(Beginning of Source material)

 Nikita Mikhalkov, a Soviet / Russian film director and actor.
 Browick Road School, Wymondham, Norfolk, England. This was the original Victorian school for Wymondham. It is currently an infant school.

(End of Source material)
(Beginning of Source material)

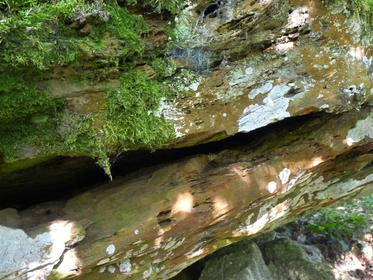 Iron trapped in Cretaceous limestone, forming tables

(End of Source material)

An exact, complete copy of the lines above from the one with "Nikita Mikhalkov, a" through the one with "Browick Road School, Wymondham, Norfolk, England." is the whole answer.

 Nikita Mikhalkov, a Soviet / Russian film director and actor.
 Browick Road School, Wymondham, Norfolk, England. This was the original Victorian school for Wymondham. It is currently an infant school.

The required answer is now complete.